Our Take
Seal failures are a machinery and process problem, not a regulatory one—most recalls stem from equipment chosen for cost, not 24/7 duty, paired with weak operator training.
Why it matters
A single seal failure contaminates an entire batch and triggers recalls that damage reputation and erode supply chain trust. Pharma manufacturers now face regulatory pressure to validate every parameter across every package.
Do this week
Packaging engineers: audit your current sealer specifications against ISO 11607 part 1 requirements and document which critical parameters (speed, pressure, temperature) you monitor for every unit produced—gaps here are batch-risk gaps.
Seal quality failures drive batch recalls in pharma packaging
Pharmaceutical manufacturers depend on sterile packaging barriers to protect medical devices from contamination during transport and storage. When seals fail, entire batches become at-risk for recall, regardless of the device quality inside. The regulatory framework governing medical device packaging—primarily ISO 11607 parts 1 and 2, recognized by the FDA and EU Medical Device Regulation—mandates that packaging systems allow sterilization, provide a microbial barrier, and enable aseptic presentation at point of use.

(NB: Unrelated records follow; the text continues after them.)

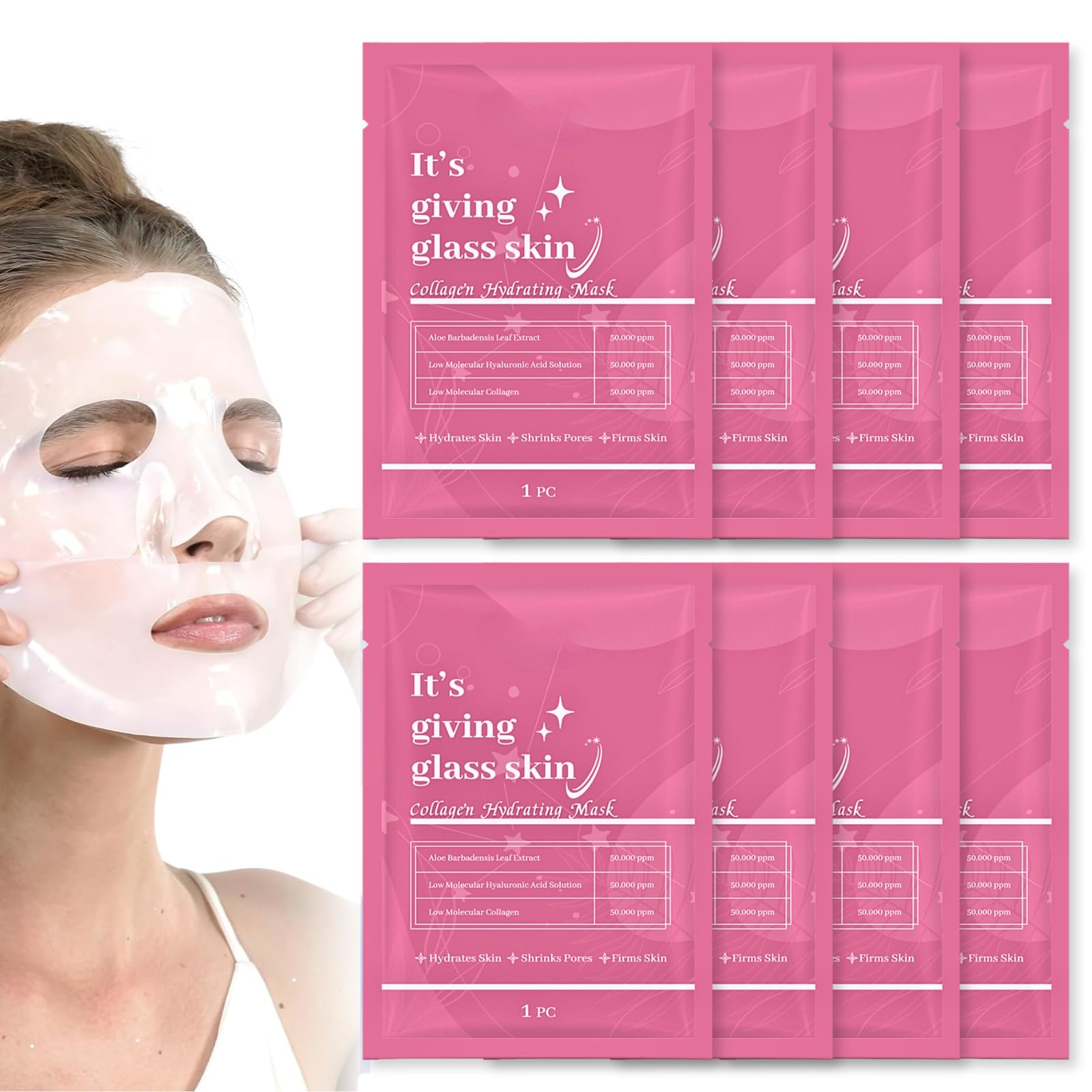 8pcs Glass Skin Mask, Anti Wrinkle Deep Collagen Mask, Skincare, Mothers Day Gifts Idea for mom, Korean Glass Skin Face Mask, Hydrating For Facial Care, Elasticity Improvement, Anti Aging
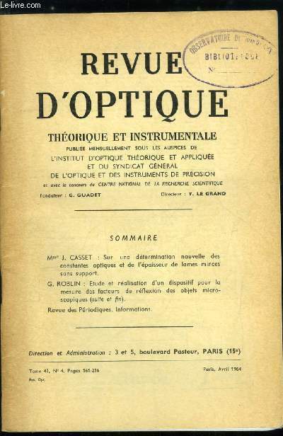 Sommaire : Sur une détermination nouvelle des constantes optiques et de l'épaisseur de lames minces sans support par J. Casset, Etude et réalisation d'un dispositif pour la mesure des facteurs de réflexion des objets microscopiques par G. Roblin Classification Dewey : 620-Art de l'ingénieur et activités connexes
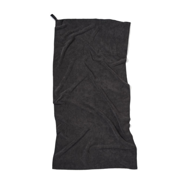 Microvezel sporthanddoek gemaakt van gerecyclede PET-flessen. Door het unieke badstofgevoel absorbeert deze handdoek meer water en droogt hij drie keer sneller dan een traditionele handdoek. Zeer geschikt voor buitenactiviteiten en sport. Lichtgewicht en compact, de handdoek is een ideaal formaat voor op reis of in de sportschool. Gemaakt van 52% GRS (Global Recycle Standard) gecertificeerde gerecyclede materialen, waarbij de GRS-certificering een volledig gecertificeerde toeleveringsketen van gerecyclede materialen garandeert. Totale gerecyclede inhoud gebaseerd op het totale productgewicht.
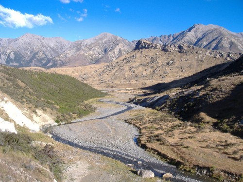 Údolí Broken River, v pozadí svahy Prebble Hill
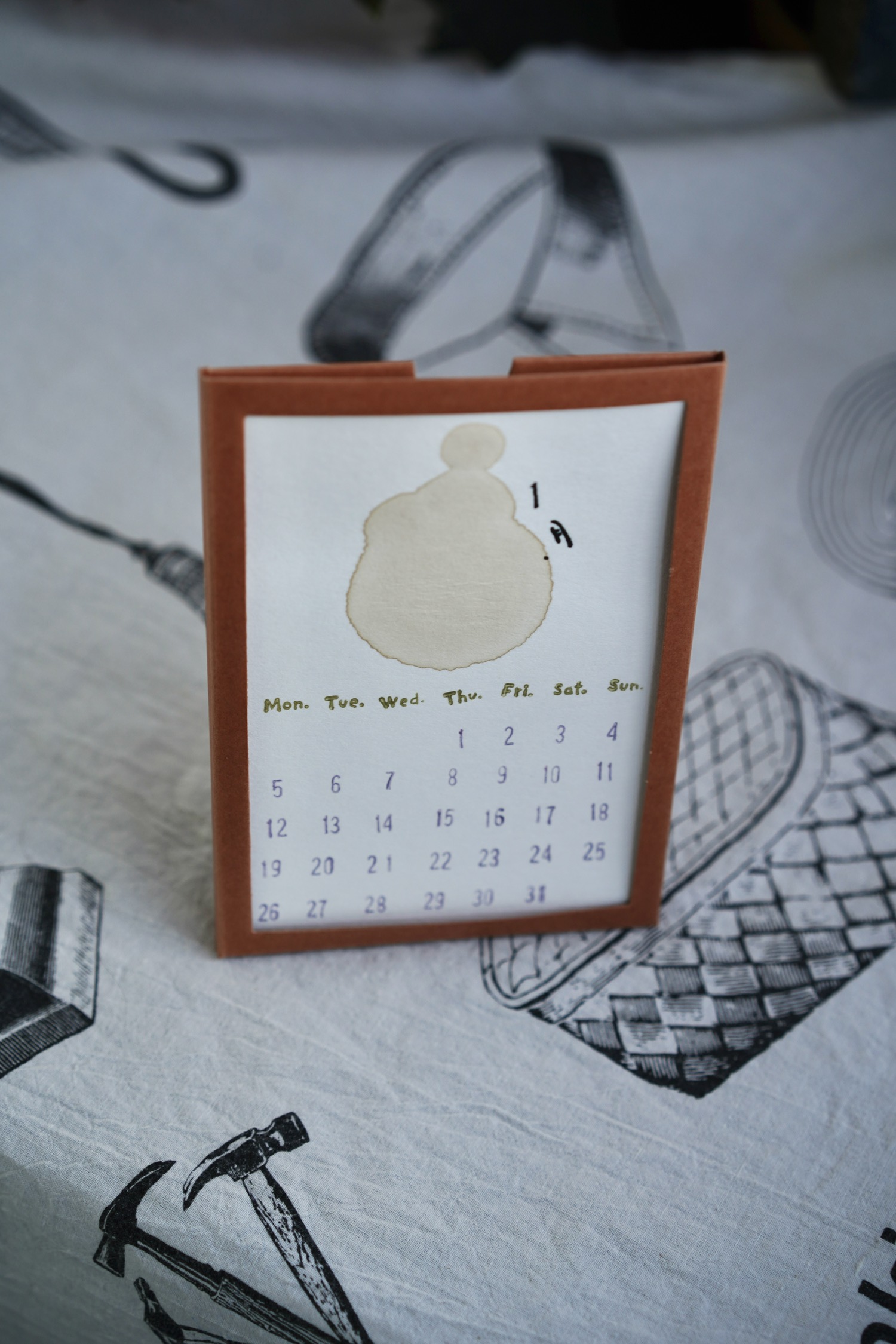 用最近每天的咖啡渍给自己印了一份日历。

Yet meeting these standards on paper does not prevent failures in the field. According to Jackie Irvine, senior manager of marketing and sustainability at Plexpack, one of the most common causes of seal failure is selecting machinery not designed for continuous 24/7 operation. A second failure mode is equipment manufactured without components necessary to maintain seal integrity consistently. When operator error layers on top—poor training, poorly designed controls—even reliable machinery cannot guarantee repeatable results.
Equipment choice and process control are the real gatekeepers
Regulatory compliance is necessary but insufficient. The difference between a batch that passes validation and one that fails in the field lies in two controllable factors: the machinery you buy and the systems you deploy to monitor it.
Modern packaging lines address this through three concrete practices. First, equipment selection now favors impulse-style sealers with fully controllable heat settings, allowing operators to maintain validated parameters and reduce variability. Second, vision systems integrated with sealers detect contaminated seals or foreign materials in real time and reject improperly processed bags without human intervention. Third, manufacturers are increasingly adopting automated monitoring systems that track critical operating parameters—machine speed, seal pressure, temperature—for every package processed. This level of granular control enables manufacturers to identify deviations before they compromise batches.
Equipment supplier selection carries outsized weight. Irvine emphasizes evaluating vendor reputation, length of experience in medical device manufacturing, and customer testimonials. Centralised decision-making, where one procurement choice affects multiple facilities, makes this vetting especially critical. A poor equipment choice deployed across an enterprise multiplies both the validation burden and recall risk.
What manufacturers should validate now
Batch integrity depends on three operational decisions made before production begins. First, select equipment explicitly designed for the duty cycle your facility runs—24/7 or shift-based—and confirm it has the components necessary to maintain seal integrity without drift. Second, implement automated parameter monitoring for every critical variable specified in your validation protocol; manual spot-checks are not sufficient. Third, establish a vendor evaluation process that prioritizes proven track record in medical device manufacturing over cost savings.
Manufacturers rolling out equipment across multiple sites should sequence implementation carefully, ensuring consistent operator training and accounting for downtime during installation. The cost of a recalled batch far exceeds the cost of over-specifying equipment upfront.